Opinion
December 23, 1911. Rehearing Denied January 13, 1912.
Appeal from District Court, Johnson County; O. L. Lockett, Judge.
Action by J. T. Burgher Co. against John W. Floore. From a judgment for plaintiffs, defendant appeals. Reversed.
Walker Baker and Mitchell Davis, for appellant.
J. B. Haynes, R. C. Fuller, and S. C. Padelford, for appellees.
Appellees sued appellant to recover for services as brokers in procuring a party to lease for 10 years the lower floor of a building in Ft. Worth, Tex., belonging to appellant. This is the second appeal of this case; it having been reversed and remanded on the former appeal for want of proper parties plaintiff. 128 S.W. 1152. The last trial was on an amended petition, by which the proper parties were made plaintiffs; but it is insisted that the allegations were not sufficient for that purpose. The amended petition was not as full and explicit on that point as it should have been, but there was no exception thereto presented in the lower court, in the absence of which the allegations as to parties are sufficient.
A majority of this court, however, are of the opinion that the case should be reversed for error in the following charge, which reads: "If you believe from the evidence that the plaintiffs, J. T. Burgher Co., made and entered into a contract with the defendant, John W. Floore, to find him a renter for the lower floor of his three-story brick building, situated on Houston street in the city of Ft. Worth, Tex., and you believe from the evidence that the defendant, John W. Floore, agreed and consented to pay the plaintiffs a reasonable and usual commission for said services, and that afterwards the plaintiffs, or J. S. Caruthers for them, secured William Reeves and introduced him to the defendant, John W. Floore, for the purpose and with the intent of leasing the lower floor of defendant's said building for a period of 10 years at $175 per month, and that afterwards John W. Floore did rent said lower floor to said William Reeves, or if you find that no contract was made between Caruthers and Floore, but you believe from the evidence that J. T. Burgher Co., with the consent of the defendant, Floore, procured the said William Reeves as a tenant for the ground floor of said building, and defendant accepted said services, then in either event you will find for the plaintiffs such sum of money as you may believe from the evidence is a reasonable and fair compensation to the plaintiffs for such services." They are of the opinion that the language there, "for the purpose and with the intent of leasing the building to him for the period of ten years," is misleading for the reason that the intent of appellees in introducing Reeves was not a sufficient basis for a recovery against appellant, in the absence of a contract between them that appellant would pay a commission and a showing that the party introduced was able and willing to make a lease for 10 years.
That appellant had entered into a contract with Reeves for a three-years lease was not sufficient upon which to base a recovery, as the appellees were not entitled to recover unless there was an understanding between appellees and Floore that appellees were to procure a tenant for 10 years.

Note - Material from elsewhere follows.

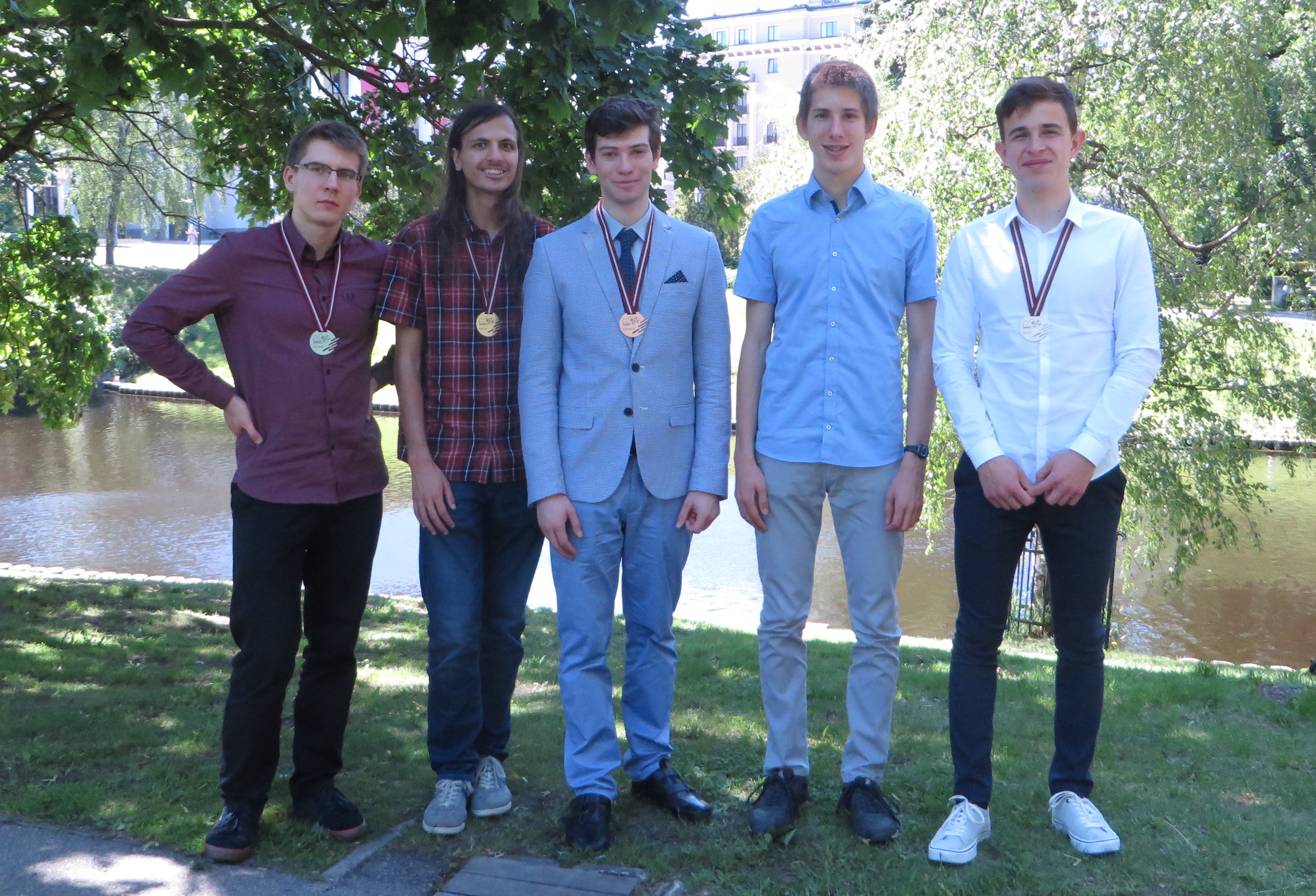 Slovenska ekipa je na olimpijadi dosegla fenomenalen uspeh. Marko Čmrlec in Tevž Lotrič sta v absolutni konkurenci vseh udeležencev (evropskih in gostov) osvojila 3. in 5. mesto ter zlati medalji, Andraž Jelinčič srebrno, Vladimir Smrkolj bronasto medaljo in najmlajši, Simon Bukovšek, pohvalo. Marko Čmrlec je prejel tudi posebno pohvalo za najboljši dosežek pri teoretičnem delu tekmovanja, kar je zgodovinski podvig, ki doslej ni uspel še nobenemu slovenskemu dijaku, čeprav se fizikalnih olimpijad udeležujemo že dolga leta. Marko Čmrlec in Tevž Lotrič se bosta poleti udeležila tudi Mednarodne matematične olimpijade, ki se bo odvijala v Bathu v Veliki Britaniji, po matematični olimpijadi se bo v začetku avgusta Marko udeležil Mednarodne olimpijade v astronomiji in astrofiziki na Blatnem jezeru na Madžarskem, Tevž Lotrič in Vladimir Smrkolj pa se bosta udeležila še 50. Mednarodne fizikalne olimpijade, ki bo drugi teden julija v Tel Avivu v Izraelu. V Rigo so dijaki z vodjema ekipe Jurijem Bajcem in Barbaro Rovšek pripotovali v petek, 31. maja. V soboto, 1. junija so od 9.30 do 14.30 eksperimentirali z radijskimi valovi; preučevali so potovanje radijskih valov skozi kovinske cevi in vodo ter določali koeficiente dušenja ter lomni količnik vode za to elektromagnetno valovanje. V nedeljo so z delom začeli ob 9.00 in 5 ur reševali 3 teoretične naloge: določali temperaturo zrn sodre v ozračju s temperaturnim obratom, računali tirnico kotaleče se enakomerno nabite krogle v homogenem magnetnem polju ter hitrost, s katero iz poljubno vrteče se šobe izteka voda, kar so lahko določili z analizo grafa, ki je prikazoval obliko izteklega curka v nekem trenutku. Besedilo nalog v angleščini je tukaj, tu pa še slovenski prevod teoretičnih nalog, eksperimentalne naloge in fotografija pripomočkov. |

There is no question but that the law is settled that when a broker presents a party to make a lease as per contract, with the owner of property, the party must be ready and willing to enter into such a contract.
The writer hereof is of the opinion that, while the charge is not as definite and explicit as it should be, yet the case should not be reversed for the reason stated. The idea in the trial court's mind, I take it, was that the broker was acting in good faith in presenting Reeves, believing Floore desired to enter into a lease contract, and that such presentation was made with no other object in view. I think, if this was error, it was harmless, in view of the full charge of the court. The recovery was predicated on appellant's having contracted for the services of appellees in procuring a tenant for the period of 10 years. Appellees produced testimony, if believed by the jury, to establish their cause of action. Appellant's testimony was diametrically opposite. The court charged the jury to find for plaintiffs if they believed said contract was made and such party was presented by plaintiffs. On the other hand, the court charged the jury to find for the defendant as follows: "It you believe from the evidence that plaintiffs, through J. S. Caruthers, induced and procured William Reeves to see John W. Floore, and that said Caruthers did introduce Reeves to Floore, but you further believe that John W. Floore did not agree and consent to pay any commission to the plaintiffs or to Caruthers for them for the finding of said lease, and did not accept the services of J. T. Burgher Co. to secure said Reeves as a tenant, then you will find for the defendant, although you may believe from the evidence that the defendant afterwards did lease said property to William Reeves." From this charge it will be seen that defendant would not be liable unless the contract was entered into as alleged and testified to by Caruthers, one of the plaintiffs, or appellant accepted their services.
It is evident to my mind that the jury, under this charge, believed that the contract for commissions as stated by Caruthers or the services of plaintiffs had been accepted by defendant, and did not take into consideration the fact that a lease had been made for three years with an option of 10 years longer, as the jury had been instructed not to consider the three-years contract.
So it appears, I think, that the language considered error by the majority of this court could not have proved prejudicial.
In accordance with the opinion of the majority, the judgment is reversed, and the cause remanded.